**Exercise directions**.
Transcribe the data exactly, omitting whatever pictures it holds.

**Available data**.
■ ■ ■ ■ ■ ■ ■
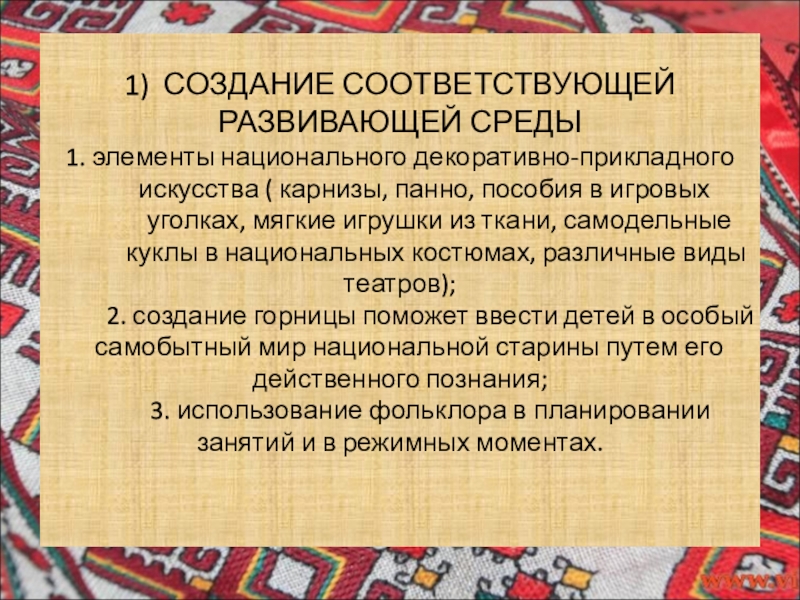 1) СОЗДАНИЕ СООТВЕТСТВУЮЩЕЙ РАЗВИВАЮЩЕЙ СРЕДЫ 1. элементы национального декоративно-прикладного       искусства (
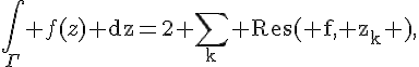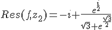 j'ai détérminé les pôles des deux solutions racines que j'ai trouvé, la première solution s'annule car elle est hors le contour, mon problème c'est qu'en appliquant le théorème des résidus je trouve : 2πi [ (ₑ^i(1/2+√3/2) ) / i√3 ] = ∫ f(z) dz
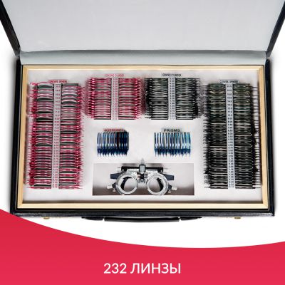 Полный набор пробных линз, позволяющий провести углублённую диагностику зрения благодаря широкому диапазону диоптрий и большому выбору вспомогательных линз. Все линзы изготовлены из оптического стекла в прочной металлической обойме с обозначением характеристик на рукоятке и вставляются в универсальную пробную оправу, которая используется для обследования зрения.
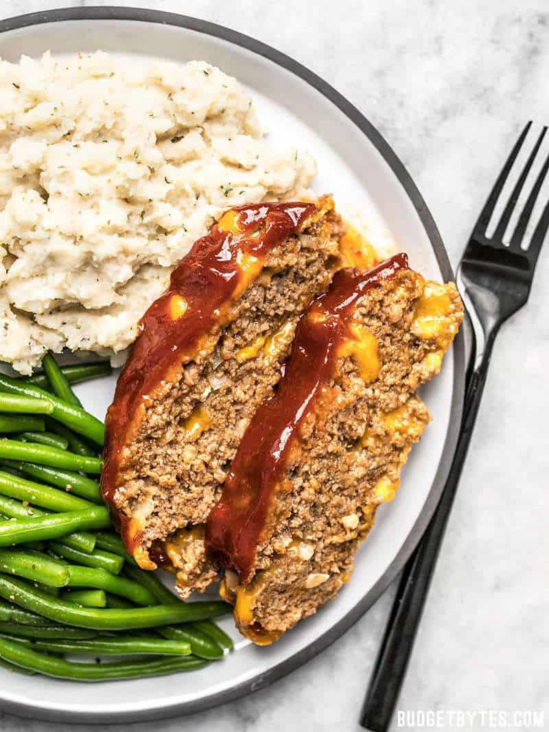 This recipe leans hard into comfort food, with cheddar throughout and a tangy tomato-mustard sauce on top. It’s the kind of meatloaf that slices beautifully and feels just as good the next day, especially tucked into a sandwich or reheated with potatoes.
■ ■ ■ ■ ■ ■ ■
**Answer below**.
 1) СОЗДАНИЕ СООТВЕТСТВУЮЩЕЙ РАЗВИВАЮЩЕЙ СРЕДЫ 1. элементы национального декоративно-прикладного       искусства (
 j'ai détérminé les pôles des deux solutions racines que j'ai trouvé, la première solution s'annule car elle est hors le contour, mon problème c'est qu'en appliquant le théorème des résidus je trouve : 2πi [ (ₑ^i(1/2+√3/2) ) / i√3 ] = ∫ f(z) dz
 Полный набор пробных линз, позволяющий провести углублённую диагностику зрения благодаря широкому диапазону диоптрий и большому выбору вспомогательных линз. Все линзы изготовлены из оптического стекла в прочной металлической обойме с обозначением характеристик на рукоятке и вставляются в универсальную пробную оправу, которая используется для обследования зрения.
 This recipe leans hard into comfort food, with cheddar throughout and a tangy tomato-mustard sauce on top. It’s the kind of meatloaf that slices beautifully and feels just as good the next day, especially tucked into a sandwich or reheated with potatoes.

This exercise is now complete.